Breaking News on Tirzepatide – the Most Buzzworthy Drug in Development
By Eliza Skoler, Matthew Garza, Ursula Biba, and Rhea Teng
Drug company Lilly released results showing that the new combination therapy may be extremely effective for people with type 2 diabetes: across three clinical trials, tirzepatide reduced A1C by an average of 2.5 percentage points and led to a weight loss of 24-28 pounds.
Editor’s note: this article was first published with results from SURPASS-3 and SURPASS-5 on February 17, 2021, and updated to include results from SURPASS-2.

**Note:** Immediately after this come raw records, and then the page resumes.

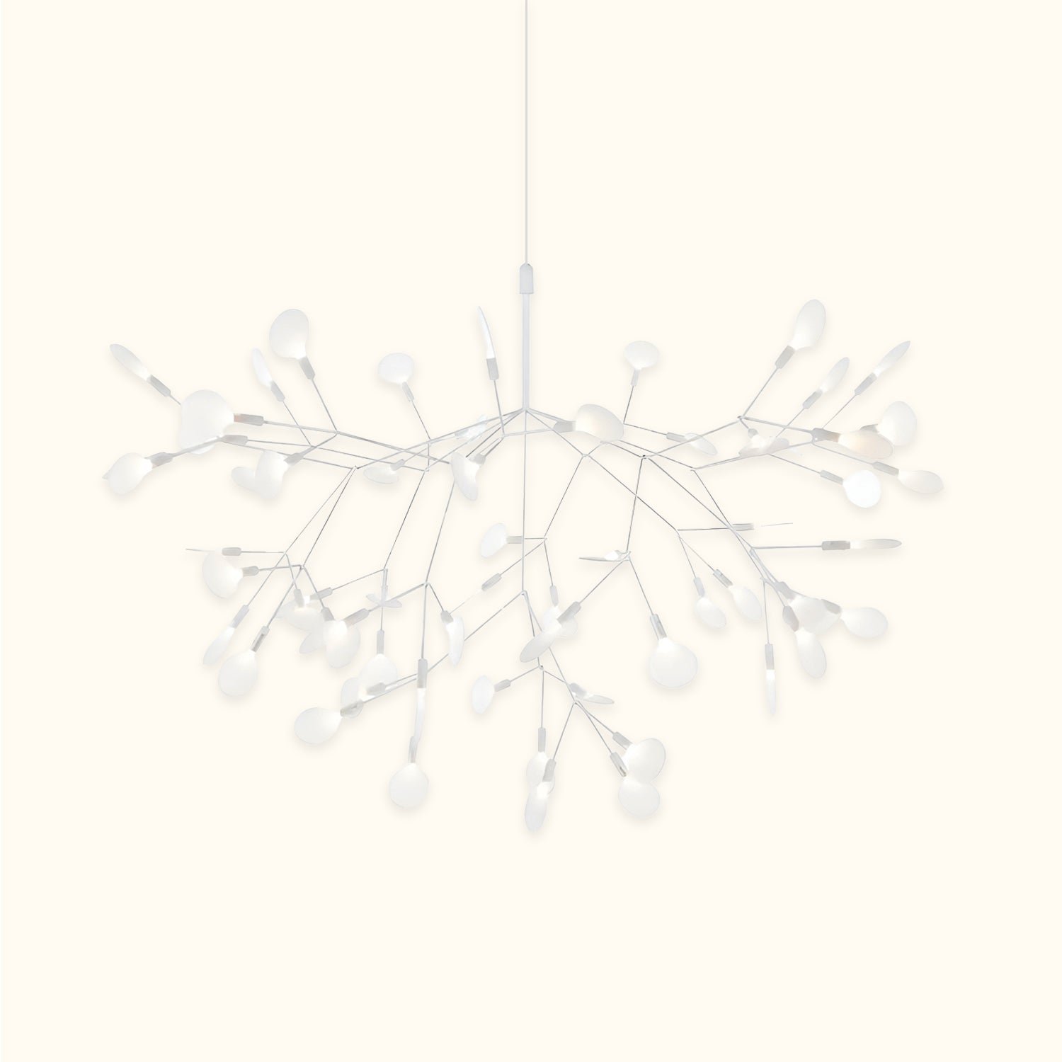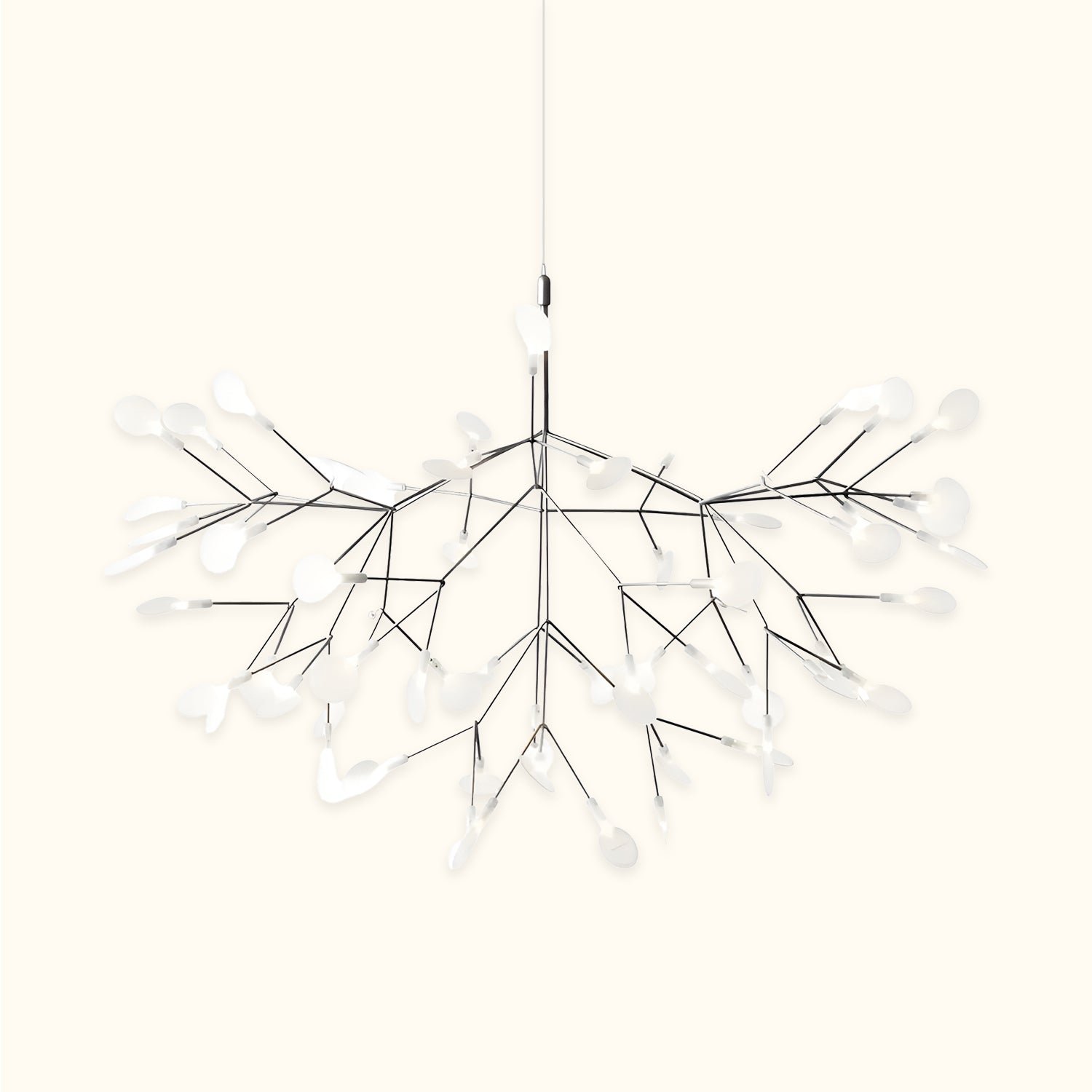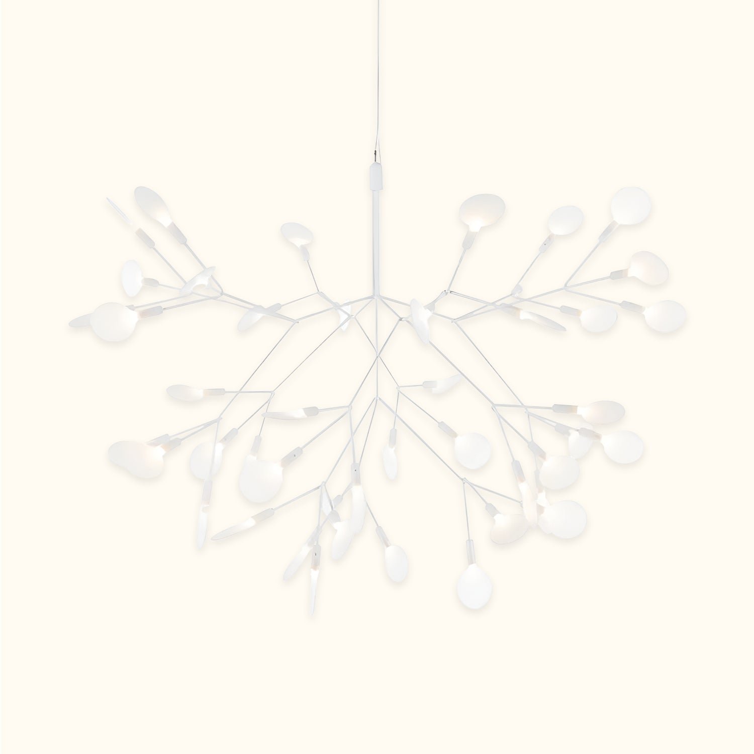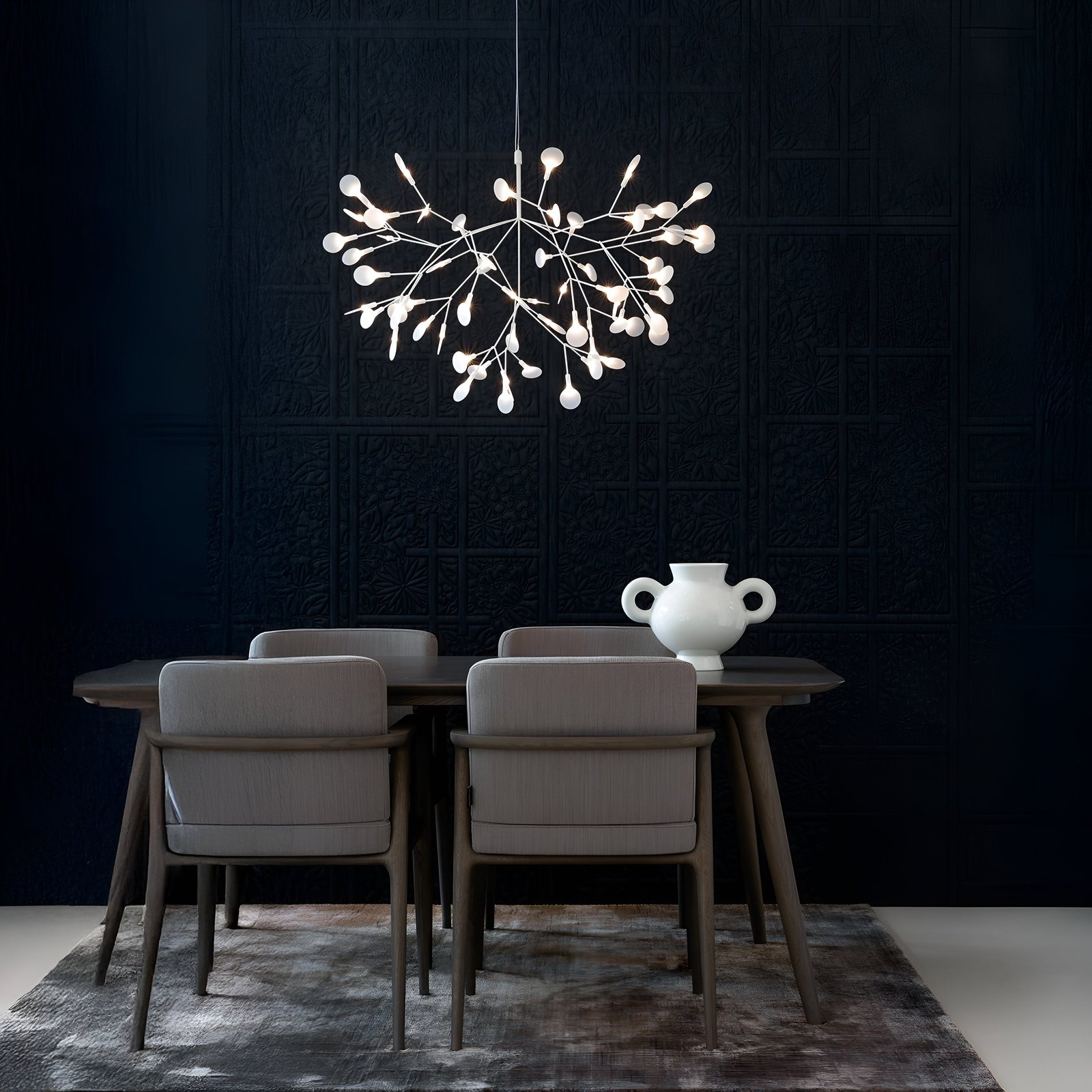 Nature and technology converge in the design of the Heracleum III Suspended. This lightweight LED light is inspired by a flowering plant of the same name, which can grow up to 5 meters tall. The white leaves in the Heracleum III Suspended branch off from a single stem, creating a highly technical natural structure, thanks to a conductive layer coating technology known as Electrosandwich. The Heracleum III Suspended comes in two sizes and four different colors. It is compatible with our wireless wall switch, allowing for quick and easy dimming, giving you complete control over the light output.
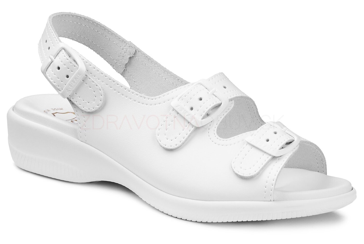 Anatomické dámske sandále na pohodlnej platforme. Zvršok je kožený s troma prackami, dokonale sa prispôsobuje chodidlu a tak zabezpečuje kvalitnú oporu zo všetkých strán. Stielka je mäkčená, anatomicky tvarovaná. Podošva je zvýšená, klinová s protišmykovou izolou.
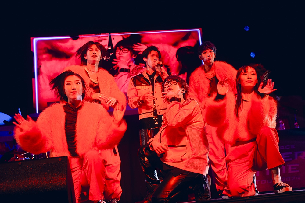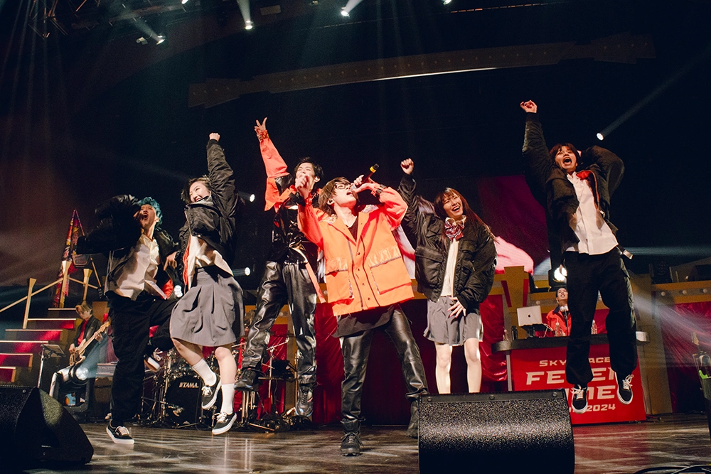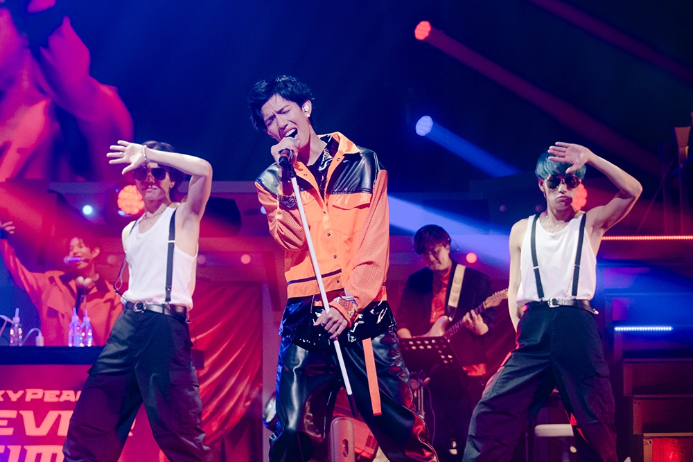 それぐらいあっという間だと感じたのは、中盤で披露された「俺的神曲メドレー」の存在も大きかったかもしれない。タイトルにあるとおり、ここでは自身の曲ではなく、洋邦問わず「神曲」を次々と歌い上げていった。ちあきなおみ「喝采」、きゃりーぱみゅぱみゅ「ファッションモンスター」、放課後ティータイム「Cagayake!GIRLS」、クイーン「Don’t Stop Me Now」といったぐっちゃぐちゃな選曲の時点でイカれてるが(褒めてます)、合計18曲に及ぶメドレーというのは前代未聞だ。メンバーとスタッフ一同、泥酔しながら決めたんじゃないかと思うぐらいぶっ飛んだ挑戦だったと思う。しかも、演出も含めて全曲全力。曲によってはしっかりダンサーも登場するというこだわりよう。スカイピースが普通のアーティストではないという特性を生かしたこのメドレーはかなりインパクトがあった。
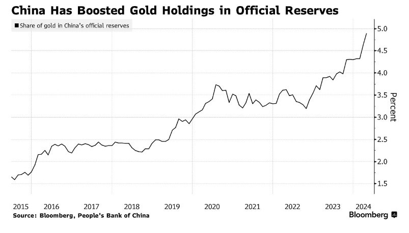 ▪️До 4,9 % podíl zlata na oficiálních rezervách Číny v dubnu vzrostl v souvislosti s výprodejem dolarových aktiv. To je nejvyšší hodnota od roku 2015
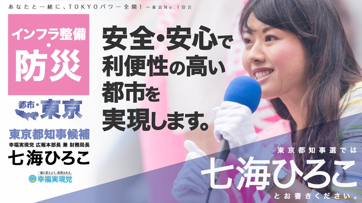 ともあれ、大東京の諸問題を熟知し、それを全く新しい方法論ナナミノミクス(減税・規制緩和・新産業創出・交通革命東京版)で解決しようとする最年少候補、幸福実現党七海ひろこ。
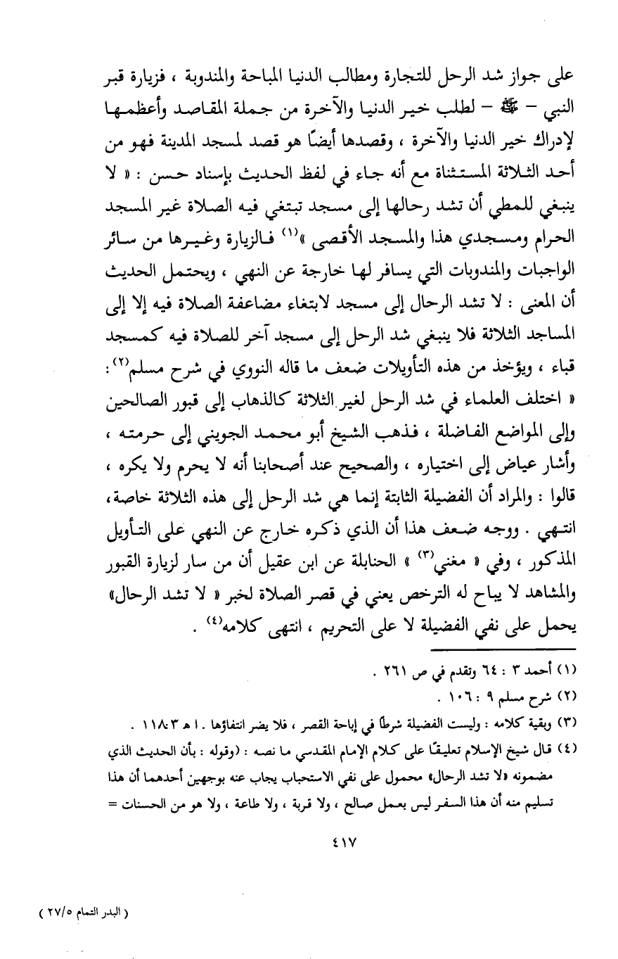 (¬4) قال شيخ الإسلام تعليقًا على كلام الإمام المقدسي ما نصه: (وقوله: بأن الحديث الذي مضمونه "لا تشد الرحال" محمول على نفي الاستحباب يجاب عنه بوجهين أحدهما أن هذا تسليم منه أن هذا السفر ليس بعمل صالح، ولا قربة، ولا طاعة، ولا هو من الحسنات =

New results from a clinical trial on tirzepatide were published just this week, showing similar findings to those released in February. Together, the results from all three clinical trials show that the new type 2 diabetes drug can lead to significant weight loss, A1C reduction, and less hypoglycemia compared to insulin and GLP-1 agonist medication among people with type 2 diabetes. Tirzepatide combines the activity of two types of drugs into a once-weekly medication. This new glucose-lowering combination therapy is called a “dual GIP and GLP-1 receptor agonist” and is currently in development to help people manage type 2 diabetes.
The two previous trials, referred to as SURPASS-3 and SURPASS-5, included almost 2,000 participants with type 2 diabetes who took different doses of tirzepatide, insulin, or placebo medication. The latest results come from SURPASS-2, which included an additional 1,879 participants with type 2 diabetes who took weekly doses of tirzepatide or semaglutide (a GLP-1 agonist). The three trials investigated 5 mg, 10 mg, and 15 mg doses of tirzepatide over 40 or 52 weeks, and found that all doses led to impressive reductions in A1C and body weight.
Among participants taking 15 mg of tirzepatide:
A1C levels went down nearly 2.5 percentage points from a starting point above 8%.
Average weight loss was 25 pounds.
The change in A1C was particularly important. About half of all participants taking the 15 mg dose of tirzepatide across both trials achieved an A1C level below 5.7% – this is the level seen in individuals without diabetes. Among participants taking any dose of tirzepatide across the three trials, more than 80% achieved an A1C below 7%.
Here’s what the three clinical trials studied:
SURPASS-3 was a 52-week randomized, open-label trial, that compared the effects of tirzepatide to insulin degludec in adults with type 2 diabetes. At baseline, participants had an average duration of diabetes of eight years, an A1C of 8.17%, and weighed 207 lbs.
SURPASS-2 was a 40-week head-to-head clinical trial that compared tirzepatide to GLP-1 agonist semaglutide (in addition to metformin) in adults with type 2 diabetes. At baseline, participants had an average duration of diabetes of nine years, an A1C of 8.3%, and weighed 207 lbs.
SURPASS-5 was a 40-week, randomized, double-blind trial, that studied the effects of tirzepatide compared to a placebo in addition to insulin glargine (with or without metformin use) in adults with type 2 diabetes. At baseline, participants had an average duration of diabetes of 13 years, an A1C of 8.31%, weighed 209 lbs, and took 38 daily units of insulin.
Hypoglycemia (low blood sugar) can be a concerning side effect of new diabetes therapies. However, in SURPASS-3 the tirzepatide group experienced less than one hour a day of hypoglycemia; those on insulin degludec showed almost seven times more hypoglycemia each day. Additional side effects were primarily gastrointestinal; people taking tirzepatide did experience more nausea and diarrhea in both trials, at levels comparable to those of currently available GLP-1 drugs.
While these results are both exciting and promising, tirzepatide has not yet been approved for people with type 2 diabetes. We’ll continue to keep you updated as more results are released.